Data shown:
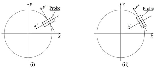 wherein denotes an opportune phase function to be calculated and the voltage V is equal to or depending on whether the probe is in the nominal orientation or rotated by π/2 (see Figure 2). According to [1], V is a function spatially quasi bandlimited to . It can be very well approximated by a function bandlimited to , by properly setting the excess bandwidth factor , which makes it possible to control the aliasing error. It should be noted that a -value slightly greater than one can be suitably used when dealing with the characterization of electrically large AUTs [1].
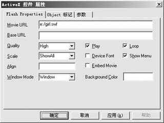 雙擊網(wǎng)頁(yè)中出現(xiàn)的白色矩形區(qū)域,打開(kāi)“activex控件屬性”對(duì)話(huà)框,如圖5所示。在“movie url”后的文本框中輸入要插入的flash動(dòng)畫(huà)文件的鏈接地址,并在“quality”后的下拉列表中選擇flash動(dòng)畫(huà)播放品質(zhì),在“scale”后選擇顯示比例,比如“show all”(完全顯示),最后單擊“確定”按鈕返回即可看到網(wǎng)頁(yè)中的動(dòng)畫(huà)了。
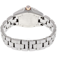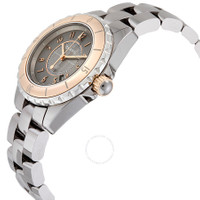 Grey titanium ceramic case with a grey titanium ceramic bracelet. Uni-directional 18kt beige gold bezel. Grey dial with gold-tone hands and Arabic numeral hour markers. Minute markers around the inner ring. Dial Type: Analog. Luminescent hands and markers. Date display between 4 and 5 o'clock position. Automatic movement with a 42-hour power reserve. Scratch resistant sapphire crystal. Screw down crown. Solid case back. Round case shape, case size: 33 mm. Hidden fold over clasp. Water resistant at 200 meters / 660 feet. Functions: date, hour, minute, second. J12 Series. Luxury watch style. Watch label: Swiss Made. Chanel J12 Grey Dial Titanium Ceramic Automatic Ladies Watch H4197. INFORMATION Brand: Chanel Series: J12 Collection Name: J12 Gender: Womens Model: H4197 Watch Label: Swiss Made Movement: Automatic Power Reserve: 42 hours CASE Case Size: 33 mm Case Material: Titanium Ceramic Case Shape: Round Case Back: Solid BAND Band Material: Titanium Ceramic Band Type: Bracelet Band Color: Grey Clasp: Hidden Fold Over DIAL Dial Color: Grey Type: Analog Crystal: Scratch Resistant Sapphire Hands: Gold-tone Dial Markers: Arabic Numeral Second Markers: Minute Markers around the inner ring Luminiscence: Hands and Markers Bezel: Uni-directional Bezel Material: 18kt Beige Gold Crown: Screw Down FEATURES Water Resistance: 200 meters / 660 feet Calendar: Date display between 4 and 5 o'clock position Functions: Date, Hour, Minute, Second Watch Features: Titanium, Gold, Ceramic, Analog ADDITIONAL INFO Watch Style: Luxury Warranty: 2 Year Jomashop Warranty Jomashop Sku: CNH4197 Department: Watches Category: Watches

Problem:
Restate the material above word for word, omitting the pictures.

Written solution:
 wherein denotes an opportune phase function to be calculated and the voltage V is equal to or depending on whether the probe is in the nominal orientation or rotated by π/2 (see Figure 2). According to [1], V is a function spatially quasi bandlimited to . It can be very well approximated by a function bandlimited to , by properly setting the excess bandwidth factor , which makes it possible to control the aliasing error. It should be noted that a -value slightly greater than one can be suitably used when dealing with the characterization of electrically large AUTs [1].
 雙擊網(wǎng)頁(yè)中出現(xiàn)的白色矩形區(qū)域,打開(kāi)“activex控件屬性”對(duì)話(huà)框,如圖5所示。在“movie url”后的文本框中輸入要插入的flash動(dòng)畫(huà)文件的鏈接地址,并在“quality”后的下拉列表中選擇flash動(dòng)畫(huà)播放品質(zhì),在“scale”后選擇顯示比例,比如“show all”(完全顯示),最后單擊“確定”按鈕返回即可看到網(wǎng)頁(yè)中的動(dòng)畫(huà)了。
 Grey titanium ceramic case with a grey titanium ceramic bracelet. Uni-directional 18kt beige gold bezel. Grey dial with gold-tone hands and Arabic numeral hour markers. Minute markers around the inner ring. Dial Type: Analog. Luminescent hands and markers. Date display between 4 and 5 o'clock position. Automatic movement with a 42-hour power reserve. Scratch resistant sapphire crystal. Screw down crown. Solid case back. Round case shape, case size: 33 mm. Hidden fold over clasp. Water resistant at 200 meters / 660 feet. Functions: date, hour, minute, second. J12 Series. Luxury watch style. Watch label: Swiss Made. Chanel J12 Grey Dial Titanium Ceramic Automatic Ladies Watch H4197. INFORMATION Brand: Chanel Series: J12 Collection Name: J12 Gender: Womens Model: H4197 Watch Label: Swiss Made Movement: Automatic Power Reserve: 42 hours CASE Case Size: 33 mm Case Material: Titanium Ceramic Case Shape: Round Case Back: Solid BAND Band Material: Titanium Ceramic Band Type: Bracelet Band Color: Grey Clasp: Hidden Fold Over DIAL Dial Color: Grey Type: Analog Crystal: Scratch Resistant Sapphire Hands: Gold-tone Dial Markers: Arabic Numeral Second Markers: Minute Markers around the inner ring Luminiscence: Hands and Markers Bezel: Uni-directional Bezel Material: 18kt Beige Gold Crown: Screw Down FEATURES Water Resistance: 200 meters / 660 feet Calendar: Date display between 4 and 5 o'clock position Functions: Date, Hour, Minute, Second Watch Features: Titanium, Gold, Ceramic, Analog ADDITIONAL INFO Watch Style: Luxury Warranty: 2 Year Jomashop Warranty Jomashop Sku: CNH4197 Department: Watches Category: Watches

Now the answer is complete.